Exercise inputs START

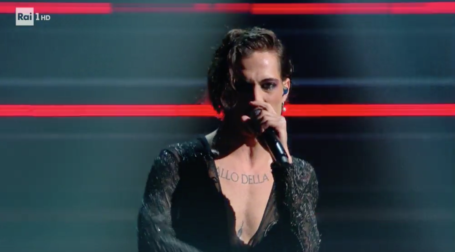 Look minimal ma super ricercato, che cita il kilt brit, l’uniforme dei Samurai e lo urban evoluto. Firmato da Riccardo Tisci, direttore creativo di Burberry. Una divisa realizzata ad hoc per il palco dell’Ariston, senza dimenticare di osare. VOTO: 9 (e un più alla regina dello styling italiano, Susanna Ausoni).
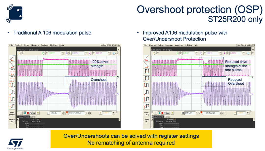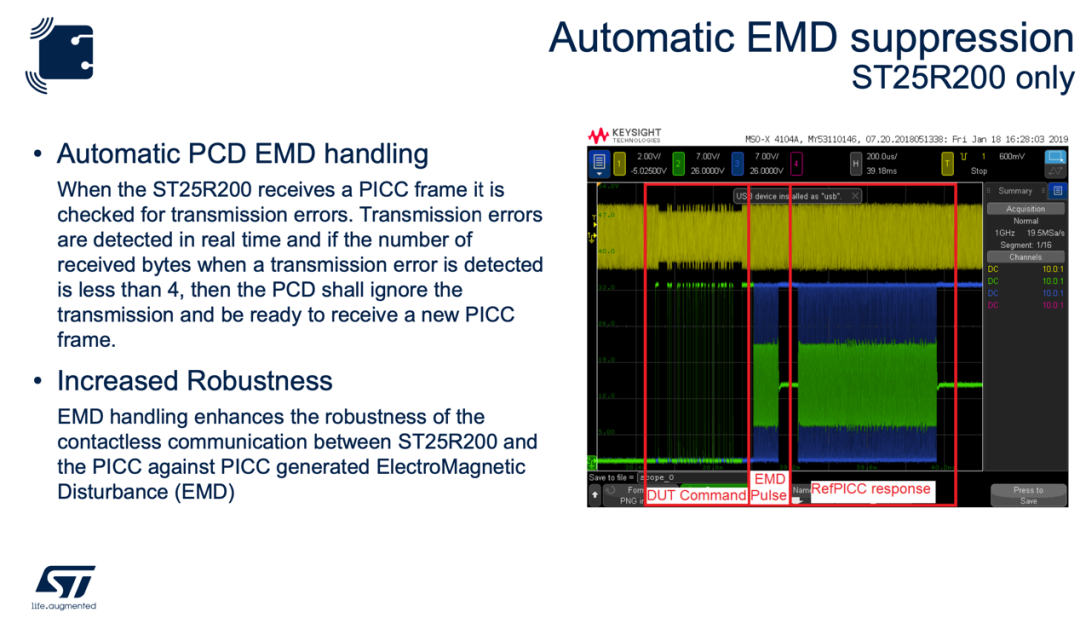 增强系统稳定性:EMD处理增强了ST25R200和PICC之间的非接触式通信对PICC产生的电磁干扰(EMD)的鲁棒性。
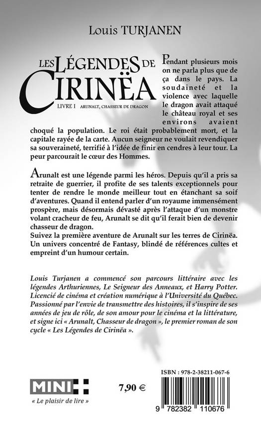 Louis Turjanen a commencé son parcours littéraire avec les légendes Arthuriennes, Le Seigneur des Anneaux, et Harry Potter. Licencié de cinéma et création numérique à l'Université du Québec. Passionné par l'envie de transmettre des histoires, il s'inspire de ses années de jeu de rôle, de son amour pour le cinéma et la littérature, et signe ici « Arunalt, Chasseur de dragon », le premier roman de son cycle « Les Légendes de Cirinëa ».
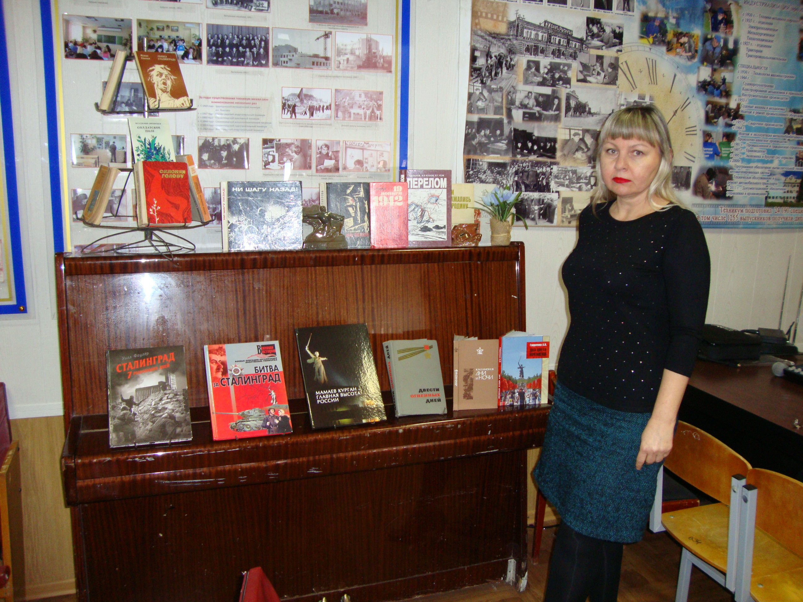 Звучали стихи известных поэтов, а также мало знакомые читателям лирические произведения, написанные солдатами и командирами непосредственно в период боевых действий под Сталинградом. Члены жюри (Семенюта Э.И., зав. библиотекой, Ященко Е.В., психолог, Морозова Н.А., Науменко Е.В., преподаватели русского языка) отметили искренность, эмоциональность, взволнованность всех чтецов: каждый из них по-своему постарался донести глубокие переживания участников великого сражения, трагизм грозных событий, благодарность защитникам города и гордость за героическое прошлое нашей страны. Семенюта Э.И. подготовила выставку художественных произведений о Сталинградском сражении.
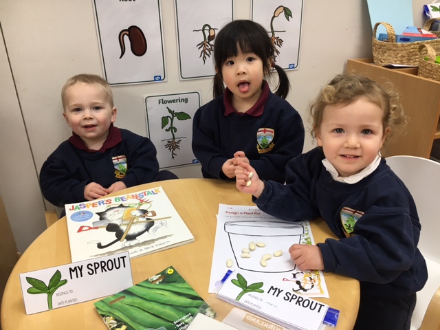 Building on last weeks story ‘Jaspers Beanstalk’ the children planted their very own beans and we talked about the importance of sunlight, water and care, helping the children to develop their understanding of the world as they begin to learn about nature, growth and how things change over time. Over the coming weeks we will continue to observe and talk about any changes, encouraging the children to notice, predict and discuss what might happen next.
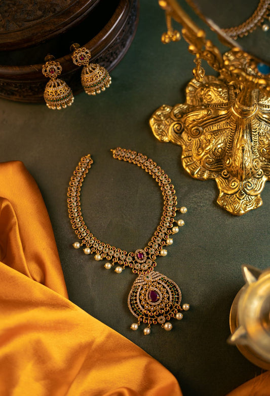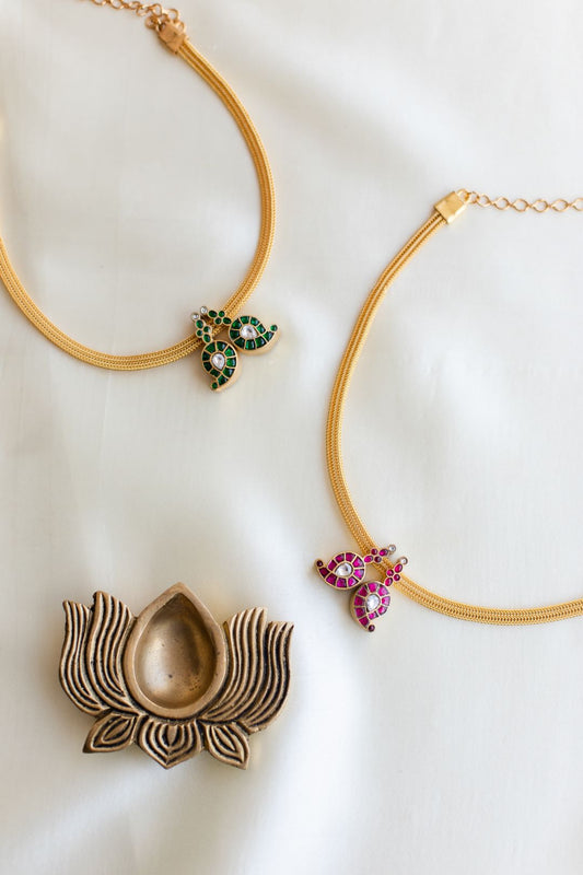 Gold Finish Chain Dual Side Attigai Necklace -12
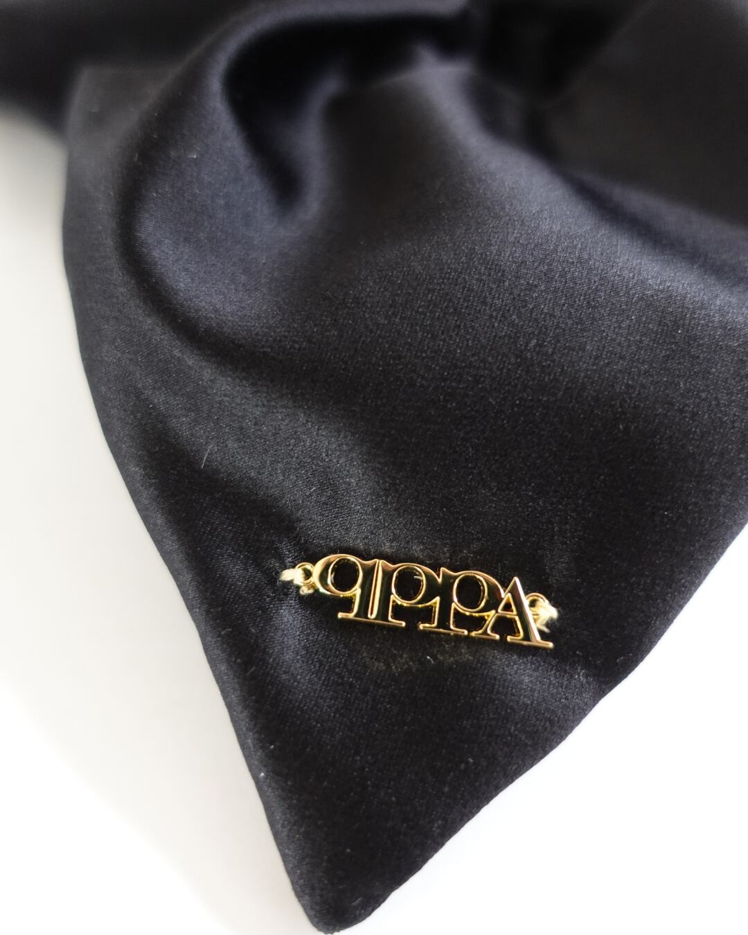 軽やかで通気性のあるシルクポリエステル素材で仕立てた、qppA®︎オリジナルのスクエアシュシュ。
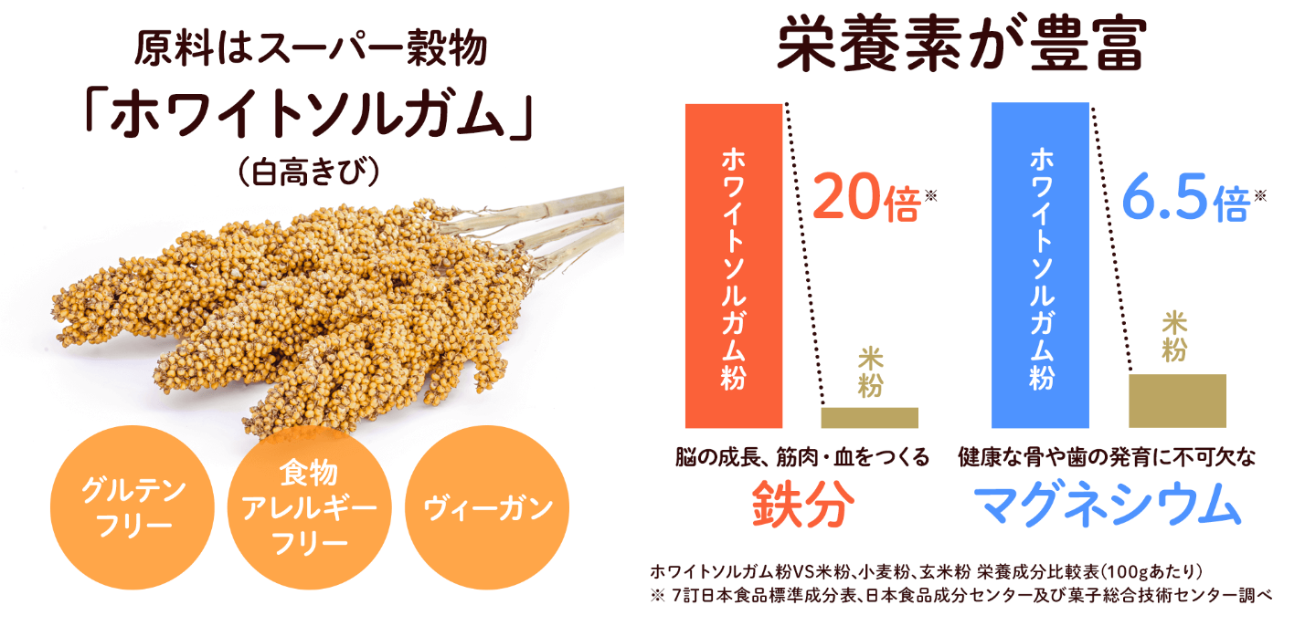 グルテンフリー、食物アレルギーフリー、ヴィーガンの食品として話題のスーパー穀物「ホワイトソルガム」は、アメリカでとうもろこし、大豆、小麦に続く『第4の穀物』として話題を集めています。雑穀特有の苦味、えぐみがなく、ほとんど無味無臭で食べ易く、鉄分や食物繊維、ミネラル、難消化性でんぷん(レジスタントスターチ)等の優れた栄養成分が含まれており、 日本でも小さな子どもがいるご家庭や保育の現場にも広く活用することができます。
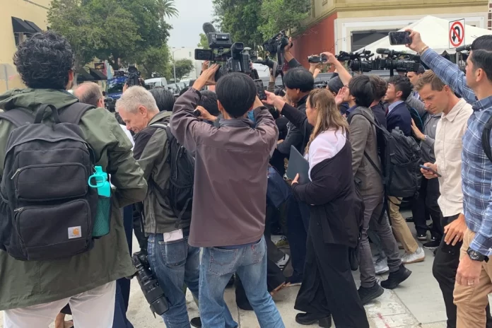 More than 100 media members were outside the courthouse and inside the court room, temporarily clogging Santa Ana’s 4th Street. Mizuhara spoke only in the court room and in response to Holcomb’s questions. His attorney, Michael Freedman, declined to comment despite the pair being literally surrounded by media as they exited the courthouse.
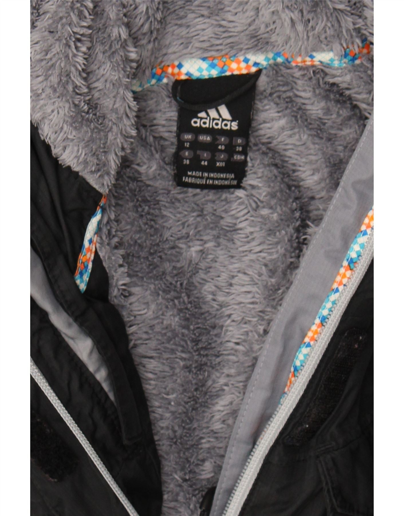 ADIDAS Womens Climalite Hooded Windbreaker Coat UK 12 Medium Black Nylon
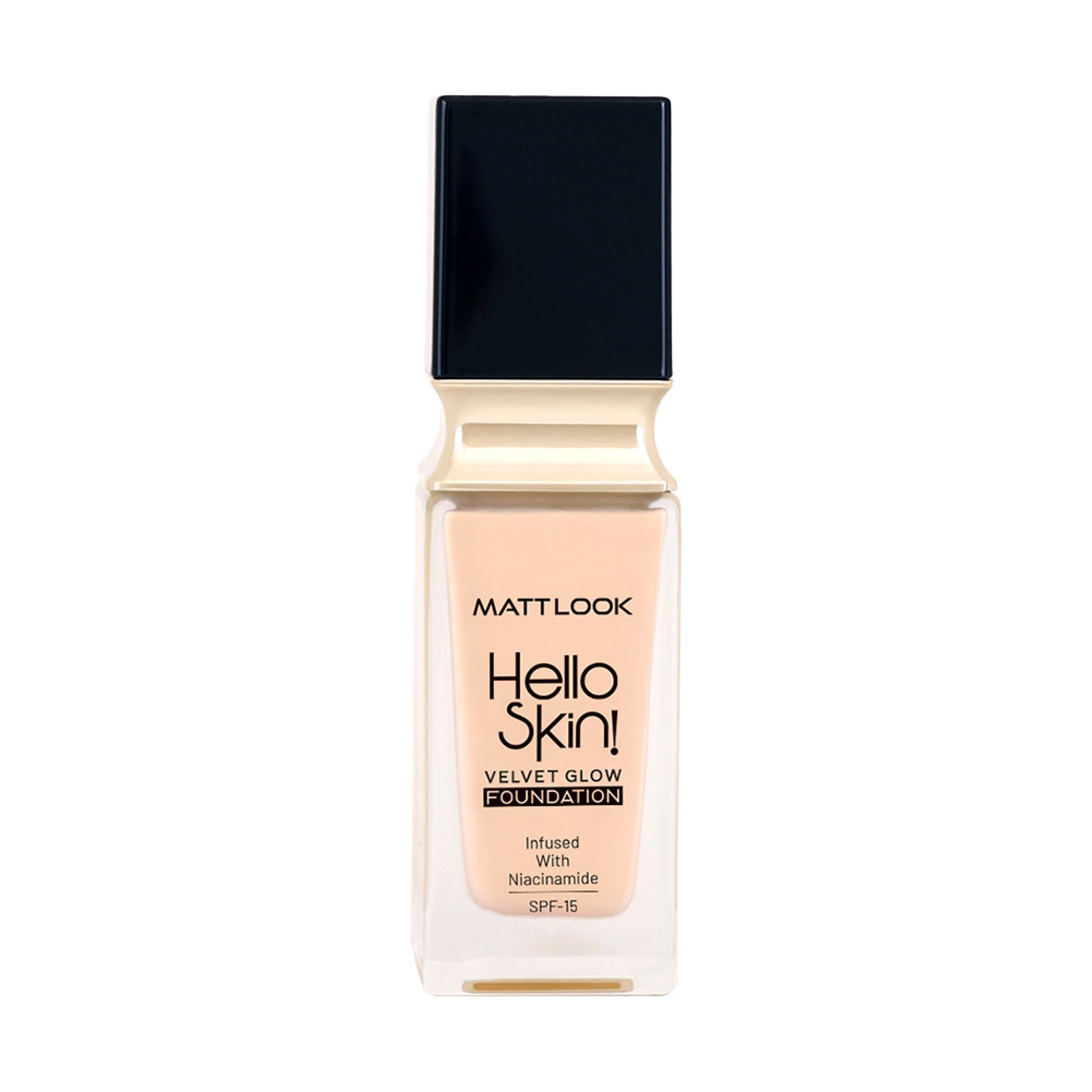 Now say goodbye to dull-looking skin. Matt Look introduces the new Hello Skin Velvet Finish Foundation that helps your skin look even and radiant without creasing. Hello Skin is infused with nourishing niacinamide that hydrates the skin and doesn't cause breakouts. It easily builds from medium to full coverage and gives you a fresh, natural velvet matte finish. This foundation is also transfer-resistant, which means it stays right where you want it for the next 24 hours.

Exercise inputs END

▶ **Assigned task**:
Begin at the first line of the entries above and return each line exactly, stopping after the line that contains "Звучали стихи известных". Pictures do not belong in the copy.

▶ **Solution for this task**:
 Look minimal ma super ricercato, che cita il kilt brit, l’uniforme dei Samurai e lo urban evoluto. Firmato da Riccardo Tisci, direttore creativo di Burberry. Una divisa realizzata ad hoc per il palco dell’Ariston, senza dimenticare di osare. VOTO: 9 (e un più alla regina dello styling italiano, Susanna Ausoni).
 增强系统稳定性:EMD处理增强了ST25R200和PICC之间的非接触式通信对PICC产生的电磁干扰(EMD)的鲁棒性。
 Louis Turjanen a commencé son parcours littéraire avec les légendes Arthuriennes, Le Seigneur des Anneaux, et Harry Potter. Licencié de cinéma et création numérique à l'Université du Québec. Passionné par l'envie de transmettre des histoires, il s'inspire de ses années de jeu de rôle, de son amour pour le cinéma et la littérature, et signe ici « Arunalt, Chasseur de dragon », le premier roman de son cycle « Les Légendes de Cirinëa ».
 Звучали стихи известных поэтов, а также мало знакомые читателям лирические произведения, написанные солдатами и командирами непосредственно в период боевых действий под Сталинградом. Члены жюри (Семенюта Э.И., зав. библиотекой, Ященко Е.В., психолог, Морозова Н.А., Науменко Е.В., преподаватели русского языка) отметили искренность, эмоциональность, взволнованность всех чтецов: каждый из них по-своему постарался донести глубокие переживания участников великого сражения, трагизм грозных событий, благодарность защитникам города и гордость за героическое прошлое нашей страны. Семенюта Э.И. подготовила выставку художественных произведений о Сталинградском сражении.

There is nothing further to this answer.